Our study hinges on the ecological theory, on the premise that individual behavior is shaped by the interaction of individual, community, and environmental factors (Cockrill et al., 2013). Instead of solely focusing on individual characteristics, the social–ecological framework explores how personal characteristics are shaped by broader factors such as legal and institutional policies and community norms, all interact to influence individual behavior. The social–ecological framework is relevant for examining induced abortion because the different levels of the social–ecological environment can affect the experience of induced abortion among AGYW. These factors (individual factors, community factors, and environment) form the three nested levels of the model. In this study, all three level factors are used to examine their effects on induced abortion among adolescents and young women.
Studies on induced abortion have identified individual (such as age, religion, educational level, marital status, and number of children, among others) and household (household income) level factors as predictors (Yeboah et al., 2024; Chae et al., 2017; Danso et al., 2022; Ranji, 2012; Sedgh et al., 2015). However, there are some limitations in studies on induced abortion. First, studies have found that induced abortion varies by ecological zone (Danso et al., 2022; Keogh et al., 2015; Polis et al., 2020) and by place of residence, with induced abortion more prevalent in urban areas than rural areas (Chae et al., 2017; Danso et al., 2022). However, studies on induced abortion have examined ecological zones and place of residence as independent variables predicting induced abortion. Second, studies on induced abortion have primarily focused on women in their reproductive ages (15–49 years) (Chae et al., 2017; Danso et al., 2022; Keogh et al., 2015; Boah et al., 2019). However, studies have reported that unsafe and induced abortions are prevalent among women aged 15–24, especially in sub-Saharan Africa (Chae et al., 2017; Shah and Åhman, 2012).
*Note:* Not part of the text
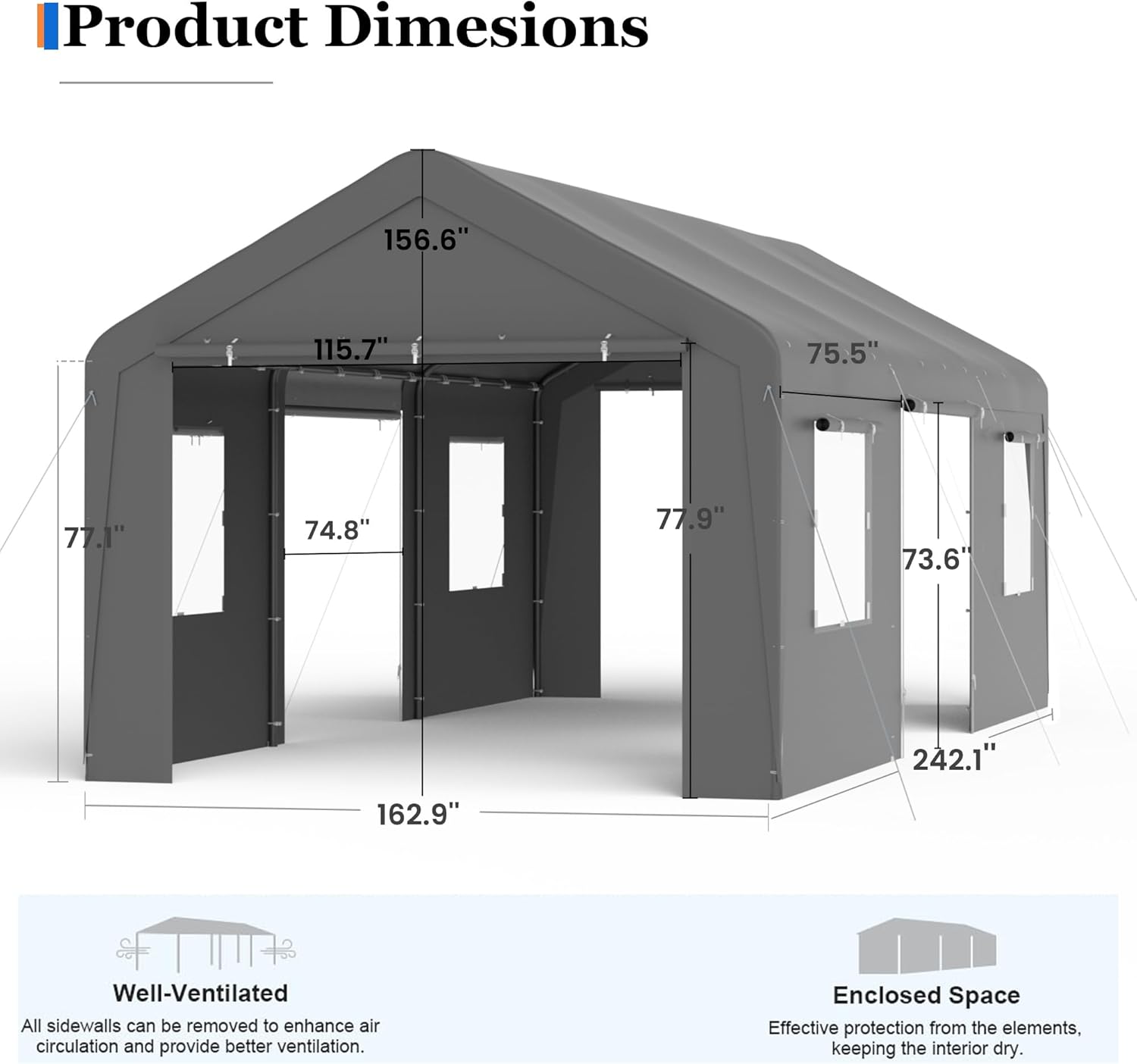 - 【Upgraded Carport】We added a rear door and 4 windows to the original, which can better promote the ventilation of the carport. 13'x20' size can also be used for family gatherings, parties and other events, with plenty of space.
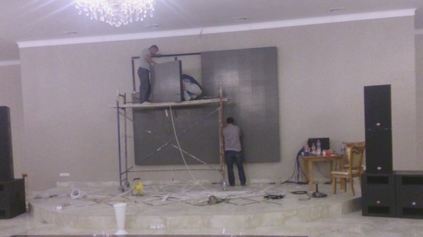 Экран в ресторане «Тулпар» Поставка LED экрана p5 в ресторан «Тулпар» г. Алматы. Размеры экрана составили: 1 экран. 3,84м. длина * 2,56 м. высота., 2-ой экран арка 9,8 кв.м. Модель экрана: p5. Размер кабинетов: 640мм.*640мм. Объект был сдан в мае 2015 г.

To the best of our knowledge, after an extensive literature search, there is currently no study in Ghana that has examined the nuances pertaining to induced abortion in ecological zones by place of residence. Therefore, this study examined the predictors of induced abortion in ecological zones by place of residence among women aged 15–24. The study sample was restricted to only women who had ever been pregnant, as they were the ones likely to have experienced either a live birth, miscarriage or induced abortion. Understanding the predictors of induced abortion within each ecological zone can facilitate the development of targeted interventions and policies that address the specific needs and challenges faced by young women in different regions. This study had two hypotheses: (a) AGYW in the Savannah zone are less likely to have an induced abortion than those in the forest zone, and (b) AGYW residing in urban areas are more likely to have an induced abortion than those in the rural areas.